By the nature of the Big Bang and the expansion of the universe, everywhere is at the origin. That is, if we believe that the universe started out as a singularity, and that the expansion of space itself is what causes that singularity to grow, then every point in the universe originated from the exact same point, and that nothing has “moved”, in the sense that the point itself is expanding. Thus, every place is at the “origin”.
To use the balloon analogy: Draw a small dot on the balloon, that dot is the entire universe as a singularity. Now, inflate the balloon so the dot grows, and try to determine the “origin” of the dot. Of course, you could point to the centre of the dot, but I would argue that if the initial dot is infinitely small (a singularity) then every point on the expanded dot in fact originates from the exact same point.
This does cause a bit of a headache because we’re arguing that a zero-dimensional thing suddenly became 3-dimensional. I’m honestly not sure how astrophysicists reconcile that, but I seem to remember reading that they boil down to saying “we know what happened <some extremely short time> after the Big Bang, but we don’t really know anything about what happened at t=0” per my understanding, even the concept of time breaks down when you go to t=0, so it becomes impossible to get to t = 0 + h.
That doesn’t make any sense, down to the geometric level.
By the nature of expansion itself, there is an origin point somewhere in the center.
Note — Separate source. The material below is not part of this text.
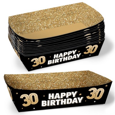 Big Dot of Happiness 90th Birthday Party Paper Food Trays, Disposable Food Boats, Black & Gold, Picnic, BBQ, Double-Sided Paper Meal Holders - 12 Ct
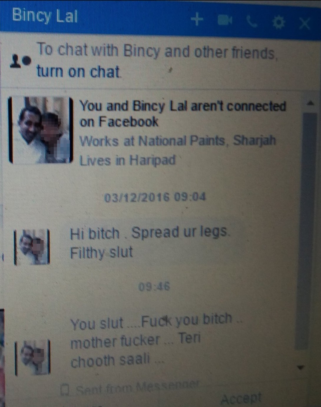The 31-year-old employee identified as Bincylal Balachandran, from Kerala, joined Alpha Paint in Dubai, a sister company of National Paints in Sharjah, in 2015. He worked as a customer service employee. Balachandran sent an abusive message with sexual overtones to the Indian journalist on Facebook messenger.

That holds especially true in the case of uniform expansion.
If “every point in the universe originated from the exact same point” then that origin point is somewhere in the center of the universe, and tracing the trajectories of every point backwards should intersect somewhere very close to that point.
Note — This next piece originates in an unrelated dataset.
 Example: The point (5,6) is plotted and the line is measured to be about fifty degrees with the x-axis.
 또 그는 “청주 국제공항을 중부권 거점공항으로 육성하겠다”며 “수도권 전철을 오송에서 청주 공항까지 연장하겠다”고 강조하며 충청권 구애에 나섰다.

Your balloon analogy supports this thesis. No matter how much the dot expands, the center of the dot is where it originated. Yes, every point on the expanded dot originates from the same point. That point is in the center.
Saying “sometimes physics is mindboggling” in order to rationalize invalid leaps is not a strong argument. Yes, sometimes physics is mindboggling. But that’s no reason to handwave away inconvenient facts whenever we’re trying to argue for something illogical. You need rigorous evidential support to justify a mindboggling conclusion, as is the case with quantum mechanics. Speculative or theoretical physics however cannot simply fill in the gaps with this sort of handwaving.
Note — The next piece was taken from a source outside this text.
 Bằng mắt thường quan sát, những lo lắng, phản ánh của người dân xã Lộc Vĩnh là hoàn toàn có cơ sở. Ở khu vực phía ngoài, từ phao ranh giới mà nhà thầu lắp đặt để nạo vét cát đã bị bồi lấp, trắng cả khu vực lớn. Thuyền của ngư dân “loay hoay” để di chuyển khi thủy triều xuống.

Honestly, if the concept of time breaks down when you look at t=0, then that only tells me that the idea of t=0 itself is invalid and needs to be abandoned. Especially since there’s no evidential support for that theory, it’s entirely speculative, and has only been justified with the explanation that “We don’t have any better ideas.”
Time didn’t just magically start at some random point before which time didn’t exist. And space didn’t just magically expand into 3 dimensions before which there was only 0. Energy and matter didn’t just suddenly appear without any prior cause initiating some action. All of those things would require violations of the laws of thermodynamics. And in the absence of far more evidence than ever has or even can be found, this “best guess” is full of more holes than many people seem ready to admit…
How fast space expands is described by general relativity. For the space between atoms to expand faster than the speed of light, you need a shitload of energy crammed together very densely, like a galaxy worth of stuff in every atom. This is called cosmic inflation, and it’s what happened during (and possibly before) the first part of the big bang.
We don’t know exactly how there can be this much energy in this little space, or where it all went, but we do know it was there because there are waves imprinted on the density of the universe.
But space contracts at close to light speed,so your analogy isn’t perfect, right?
No, time contracts, not space.
Quantum entanglement is faster than light
Nope. Quantum entanglement is when two particles are made to have the same states. Measuring one tells you about the other one in much the same way you can tell what someone you’ve never met before looks like if you’ve seen their identical twin. Also, much like how punching one twin in the face and breaking their nose has no effect on the other twin fifty miles away, doing something to one half of an entangled pair does nothing to the other. In fact, because they’re no longer identical, the particles aren’t considered to be entangled anymore.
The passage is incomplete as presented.